Ugly Betty: "Blackout!"

    Photo from episode guide.

    This week’s episode still had me reeling over the Betty-Matt breakup from last week.  The moment that Betty let him go and hobbled away on her crutches was both touching and indicative of Betty’s burgeoning maturity, but it was still way too sad.  This just can’t be the end of them!  Now that she’s finally, finally over Henry — although she almost destroyed her relationship with Matt in the process — is she just going to give up on love in order to be unselfish?

    On the plus-side of the breakup, though, is Betty’s return to her old downtown apartment (as comfy as the Suarez digs are, it is Manhattan).  But even while she refrains from singing the blues, she still manages to make a Bettytastic mistake by letting a pair of burglars into the building.  It’s an innocent mistake (and what other kind of mistake could Betty make?), but it’s hilariously frustrating and puts her on bad terms with all her neighbors.

    This episode posits some successful returns to the classic, awkward hilarity of the old seasons.  For example, Amanda’s Parent Trap antics with Daniel and Wilhelmina are pretty funny.  Betty singing karaoke was also way overdue.  Seriously, how did that never happen before?  The pure comedy of Betty’s attempt to revive the party coincides with a citywide blackout, or as Amanda puts it, “Betty’s voice brought darkness to the land.”

    All this having been said, I’m not one to exclude the Daniel-Wilhelmina kiss in the elevator.  I have to say I never anticipated this kiss.  It’s inconceivable.  I mean, she was almost married to his father!  Thank goodness the supposed “sexual tension” between the two was the product of the erroneous hypothesizing of an inept couples’ counselor — or was it?  Willie’s glance-over of Daniel’s backside as he bent to pick up a folder has me guessing that there might be some cougar action in the near future, and I’m not sure how I feel about it.

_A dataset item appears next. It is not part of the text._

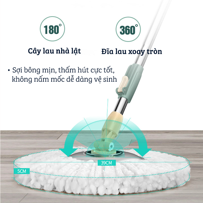 Bộ lau nhà tròn xoay 360 Coco 07 Tặng kèm 2 bông lau - Bộ lau nhà là vật dụng cần thiết cho mỗi gia đình. - Sản phẩm Bộ lau nhà xoay 360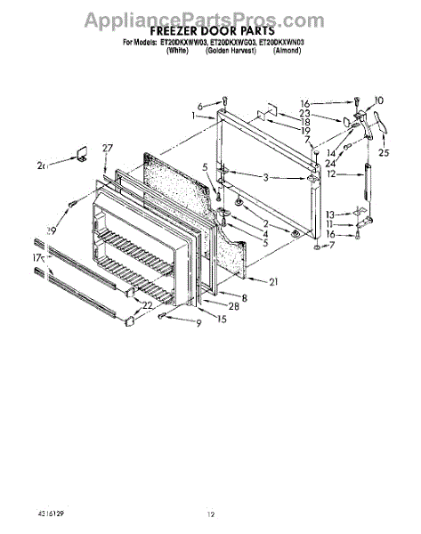 Parts for Whirlpool ET20DKXWG03: 07 - Freezer Door Parts

    Overall, it’s a mixed-bag episode for Betty, one that teaches us that with the recent loss of a billionaire boyfriend, one can work toward turning over a new leaf.  But as Marc’s and Betty’s friendship seems to be blossoming, tragedy strikes when Hilda discovers she’s had a miscarriage.  Meanwhile, Justin gains ground in his acting career by making it into an acting class, and Marc is the new Junior Fashion Editor for Mode.

    I guess if it really is the end of Betty and Matt, then let it be a new era of independence for Betty as both an up-and-coming features editor and a single lady.  I feel an “outlook good” floating to the top of Betty’s metaphorical Magic 8 Ball.